CoreWeave: This is where the enterprise experience truly shines. Provisioning was almost instant (p50 of 2 minutes), and the systems felt consistently high-performance. Their network and storage are top-notch, clearly designed for demanding, large-scale workloads. The ssh experience was akin to a very high-end dedicated server. However, CoreWeave operates on a different model; it’s less ‘self-service click-and-go’ and more ‘talk to sales, sign a contract’. Their API is powerful, but getting initial access and understanding their resource allocation often requires direct engagement. If you’re running at scale, this is a feature, not a bug, but it’s a barrier for smaller teams or ad-hoc projects.

After a month of pushing these multi-H100 setups, it’s clear there’s no single winner; it depends entirely on your team’s size, budget, and operational style.

  • For the budget-conscious developer or small team: Runpod’s Secure Cloud is the sweet spot. You get access to powerful NVLinked H100s at a very competitive hourly rate, with enough flexibility to set up your environment exactly how you like it. The Community Cloud is even cheaper, but be prepared for slightly more variable availability. If you want to kick the tyres yourself, you can spin up a pod via our referral link.

  • For the mid-sized team prioritizing reliability and ease-of-use: Lambda Labs offers a compelling package. While you might hit a queue for H100s, the stability and well-managed environment once you’re provisioned make it a strong contender for predictable, longer-running training jobs where you want fewer surprises on the infrastructure side.

  • For the enterprise or large research lab with serious scale: CoreWeave is the clear choice if you can navigate their sales process. The performance is consistently excellent, availability is high, and the underlying infrastructure is built for maximum throughput and reliability. You’ll pay a premium, but for mission-critical, large-scale distributed training, it’s a justifiable investment.

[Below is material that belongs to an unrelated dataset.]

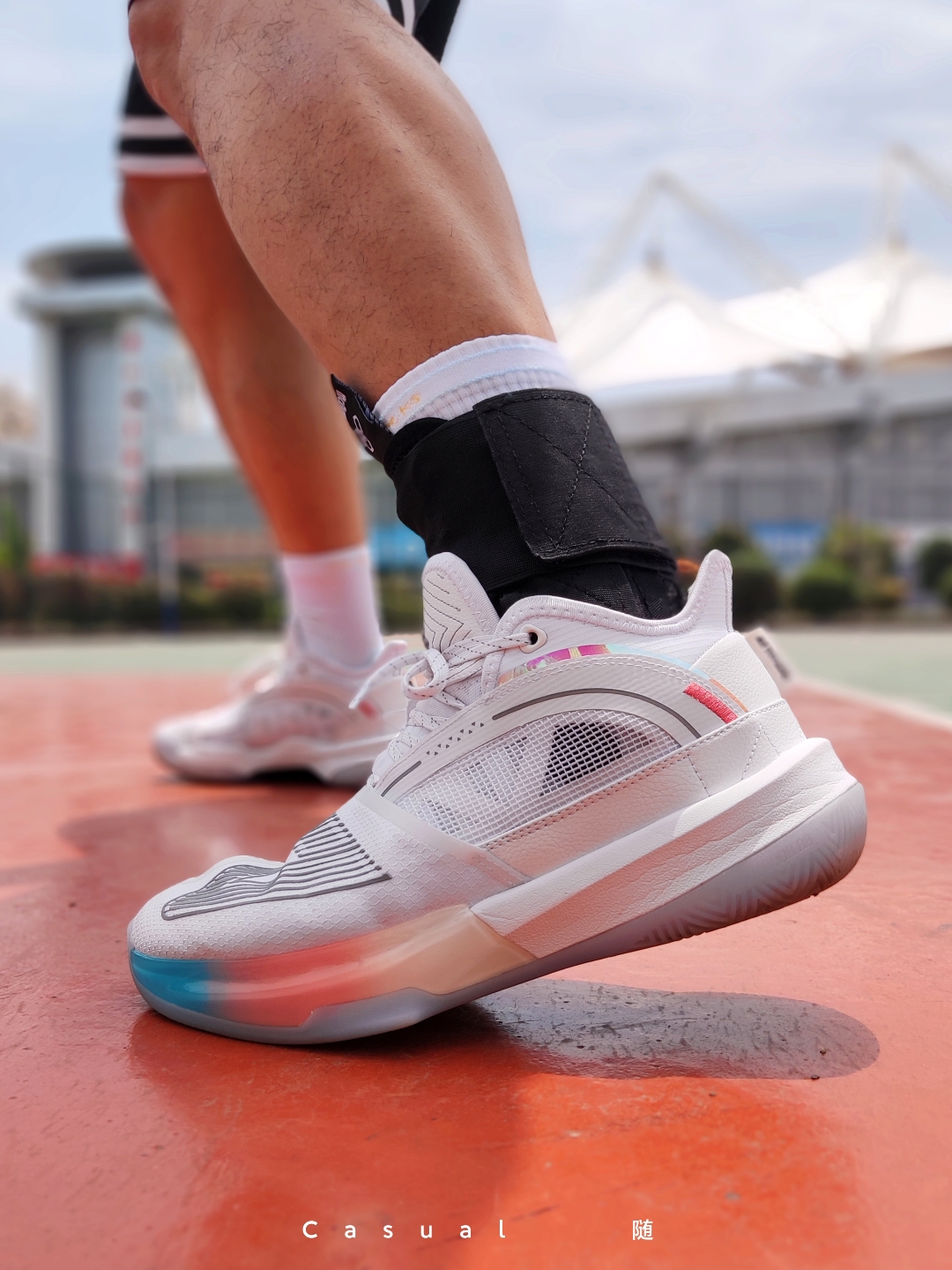 李宁 超轻2022迎来V2低帮版本,对于喜欢轻质低帮以及贴地感的小后卫来说,无论颜值还是性能都很合适! 👟配置上的变化 1⃣️鞋面改为前段䨻丝鞋面!后段是COOLSHELL! 2⃣️碳纤维布取消了内侧只存在于外侧了! ⛹️其他配置 1⃣️全掌lightfoam plus➕前掌䨻! 2⃣️单只42码350克左右! 🏀实战初体验|优缺点 1⃣️包裹紧致,鞋楦窄,宽脚必须买大半码!初期略微掉跟!前掌内...

Ultimately, the choice for NVLinked H100s isn’t just about the hourly rate. It’s about how much operational overhead you’re willing to absorb for cost savings, versus how much you value a frictionless, enterprise-grade experience. Our advice? Start with Runpod’s Secure Cloud to validate your multi-GPU code, and only migrate up to Lambda or CoreWeave if your specific needs (e.g., guaranteed instant availability, white-glove support, massive scale) demand it, and your budget allows. The NVLink itself delivers on its promise across all three platforms, assuming you configure your software correctly.